SUPPLIED DATA section start
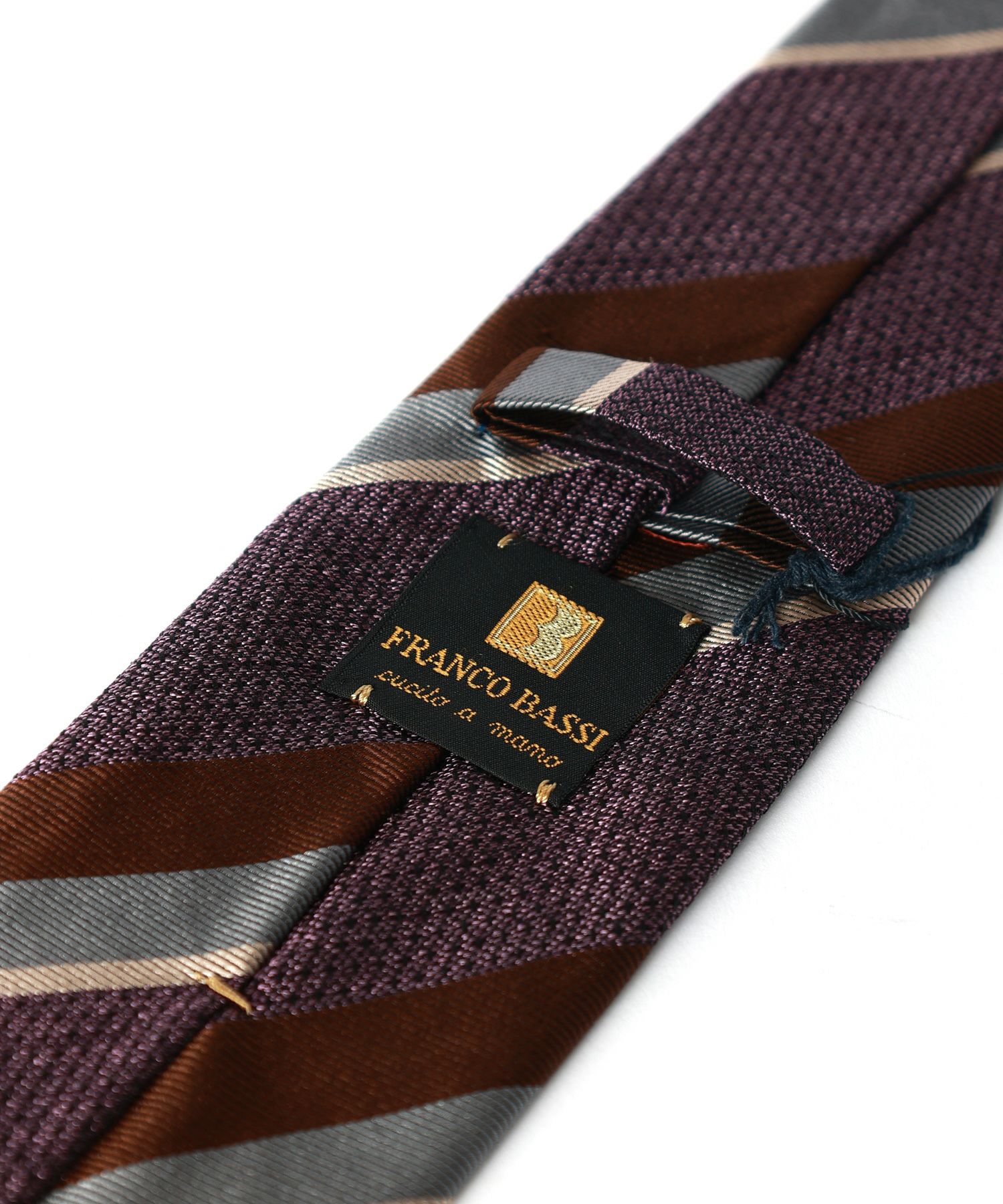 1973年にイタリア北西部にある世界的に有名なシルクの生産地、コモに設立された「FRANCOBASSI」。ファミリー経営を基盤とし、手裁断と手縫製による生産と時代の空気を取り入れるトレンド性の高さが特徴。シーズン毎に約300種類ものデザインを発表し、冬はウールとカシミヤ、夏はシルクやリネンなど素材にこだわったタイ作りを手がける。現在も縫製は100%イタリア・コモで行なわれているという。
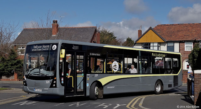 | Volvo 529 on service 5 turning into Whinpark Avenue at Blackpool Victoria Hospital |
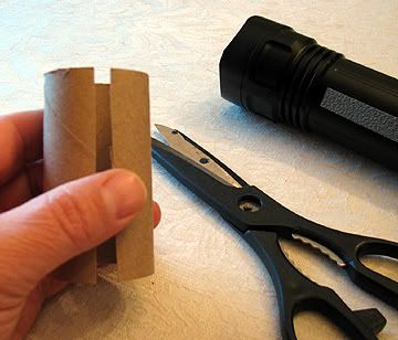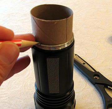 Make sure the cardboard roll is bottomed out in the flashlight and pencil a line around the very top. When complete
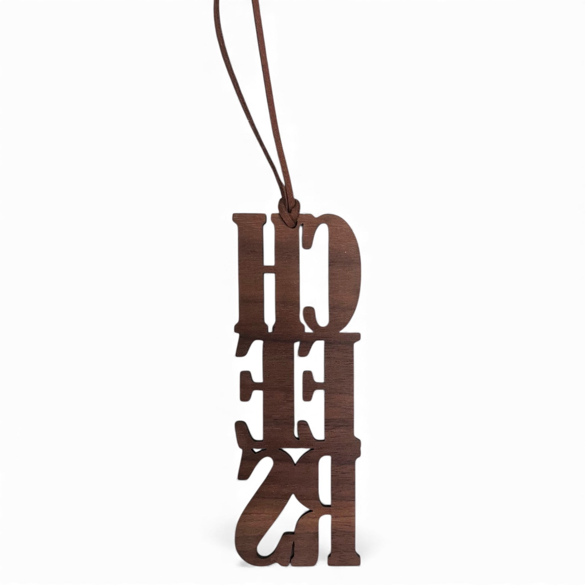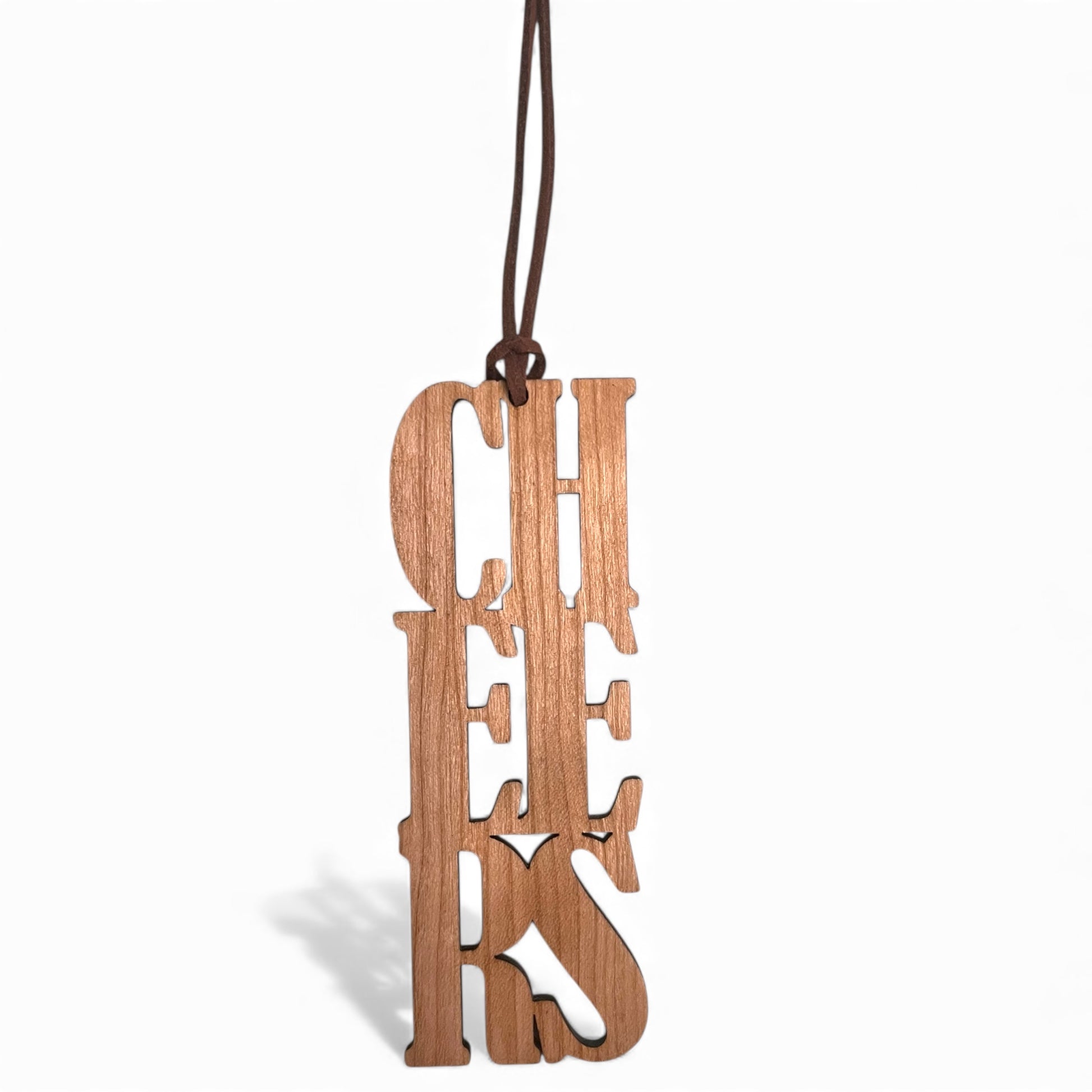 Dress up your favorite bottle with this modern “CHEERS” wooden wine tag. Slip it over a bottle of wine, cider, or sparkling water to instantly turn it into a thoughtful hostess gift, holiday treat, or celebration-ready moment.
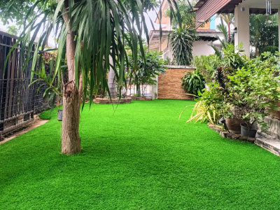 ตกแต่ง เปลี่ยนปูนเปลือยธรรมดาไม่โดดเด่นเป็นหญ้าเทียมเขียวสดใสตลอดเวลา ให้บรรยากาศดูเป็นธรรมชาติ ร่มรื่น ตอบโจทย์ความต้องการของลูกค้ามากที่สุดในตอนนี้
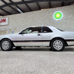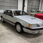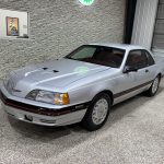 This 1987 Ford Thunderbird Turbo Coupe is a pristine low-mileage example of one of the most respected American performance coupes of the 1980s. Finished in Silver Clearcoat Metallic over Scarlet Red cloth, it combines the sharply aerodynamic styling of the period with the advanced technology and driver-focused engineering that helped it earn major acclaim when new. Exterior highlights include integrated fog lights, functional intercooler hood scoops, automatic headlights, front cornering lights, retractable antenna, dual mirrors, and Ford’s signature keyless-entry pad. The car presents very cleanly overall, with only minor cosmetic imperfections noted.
SUPPLIED DATA section end
SUPPLIED DATA section start
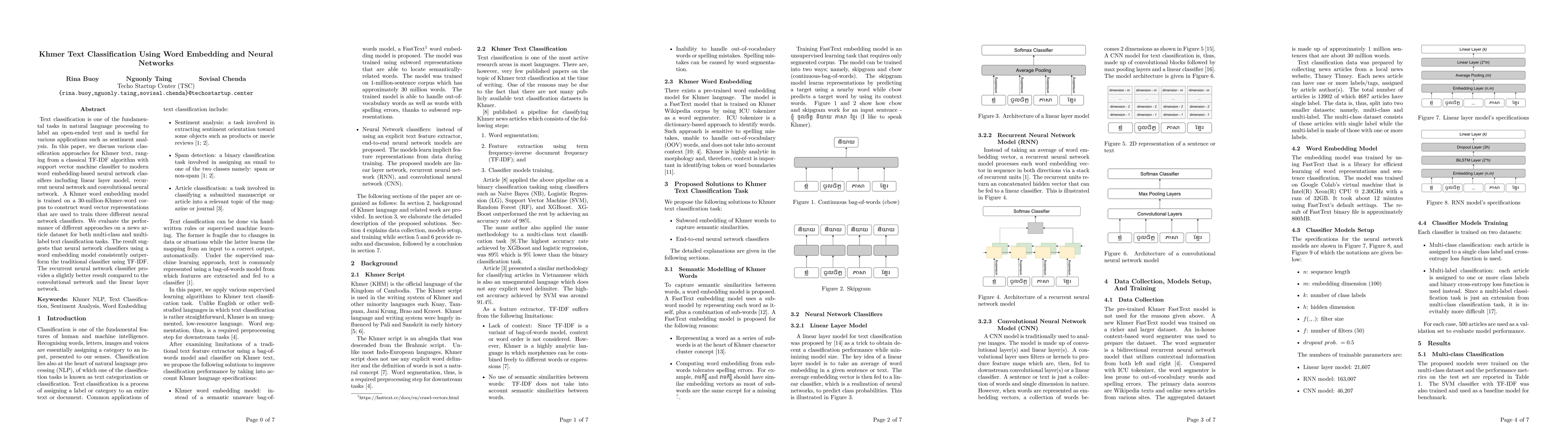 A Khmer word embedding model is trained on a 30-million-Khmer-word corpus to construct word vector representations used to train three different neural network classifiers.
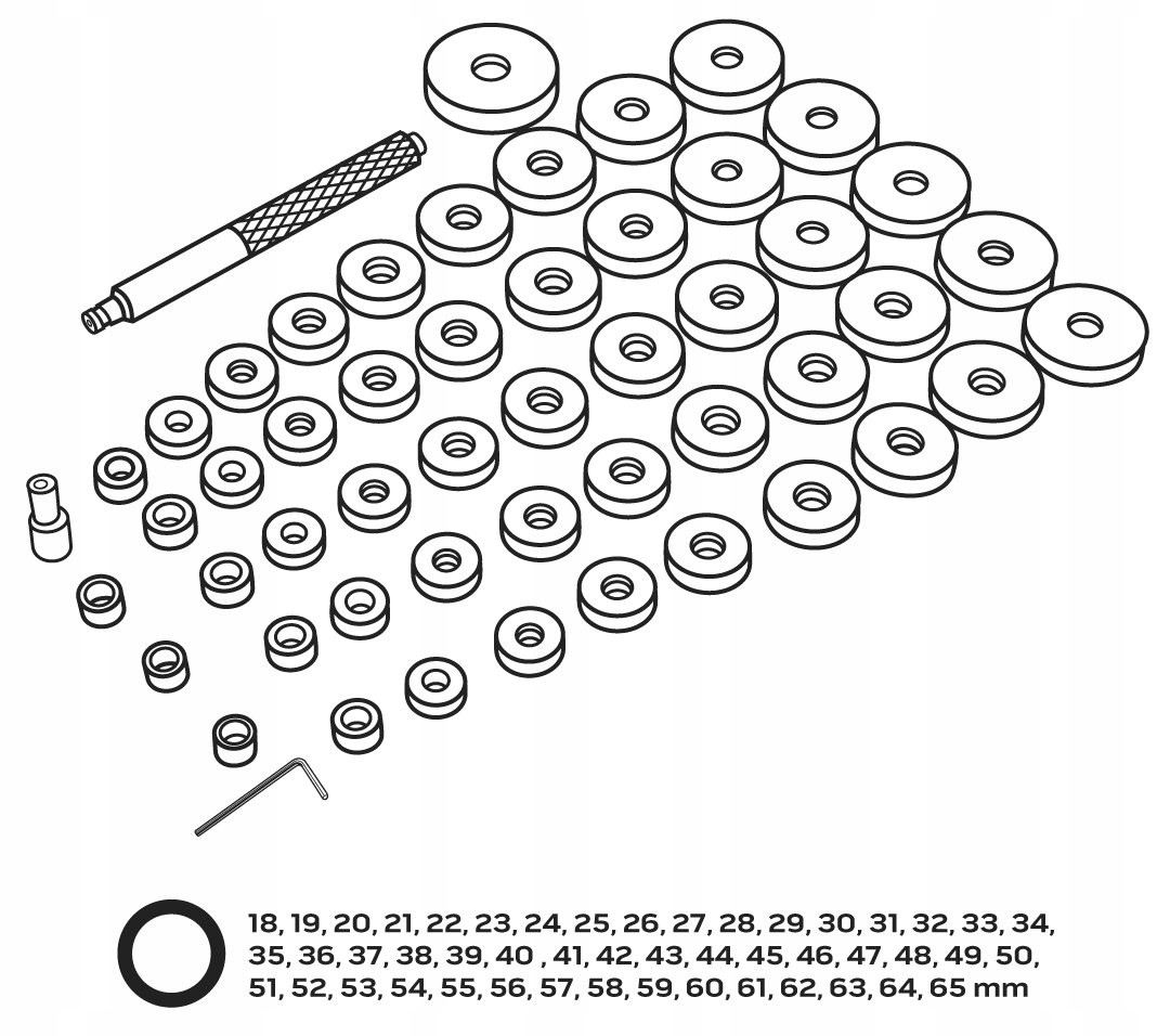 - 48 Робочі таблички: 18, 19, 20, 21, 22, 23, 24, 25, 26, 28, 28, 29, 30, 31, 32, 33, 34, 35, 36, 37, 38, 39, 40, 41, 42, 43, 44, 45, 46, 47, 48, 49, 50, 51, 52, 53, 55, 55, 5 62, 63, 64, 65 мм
SUPPLIED DATA section end
### EXERCISE REQUIREMENTS
What you write must match the listing exactly, from the line with "1973年にイタリア北西部に" up to and including the line with "This 1987 Ford". Pictures stay out.

### SOLUTION
 1973年にイタリア北西部にある世界的に有名なシルクの生産地、コモに設立された「FRANCOBASSI」。ファミリー経営を基盤とし、手裁断と手縫製による生産と時代の空気を取り入れるトレンド性の高さが特徴。シーズン毎に約300種類ものデザインを発表し、冬はウールとカシミヤ、夏はシルクやリネンなど素材にこだわったタイ作りを手がける。現在も縫製は100%イタリア・コモで行なわれているという。
 | Volvo 529 on service 5 turning into Whinpark Avenue at Blackpool Victoria Hospital |
 Make sure the cardboard roll is bottomed out in the flashlight and pencil a line around the very top. When complete
 Dress up your favorite bottle with this modern “CHEERS” wooden wine tag. Slip it over a bottle of wine, cider, or sparkling water to instantly turn it into a thoughtful hostess gift, holiday treat, or celebration-ready moment.
 ตกแต่ง เปลี่ยนปูนเปลือยธรรมดาไม่โดดเด่นเป็นหญ้าเทียมเขียวสดใสตลอดเวลา ให้บรรยากาศดูเป็นธรรมชาติ ร่มรื่น ตอบโจทย์ความต้องการของลูกค้ามากที่สุดในตอนนี้
 This 1987 Ford Thunderbird Turbo Coupe is a pristine low-mileage example of one of the most respected American performance coupes of the 1980s. Finished in Silver Clearcoat Metallic over Scarlet Red cloth, it combines the sharply aerodynamic styling of the period with the advanced technology and driver-focused engineering that helped it earn major acclaim when new. Exterior highlights include integrated fog lights, functional intercooler hood scoops, automatic headlights, front cornering lights, retractable antenna, dual mirrors, and Ford’s signature keyless-entry pad. The car presents very cleanly overall, with only minor cosmetic imperfections noted.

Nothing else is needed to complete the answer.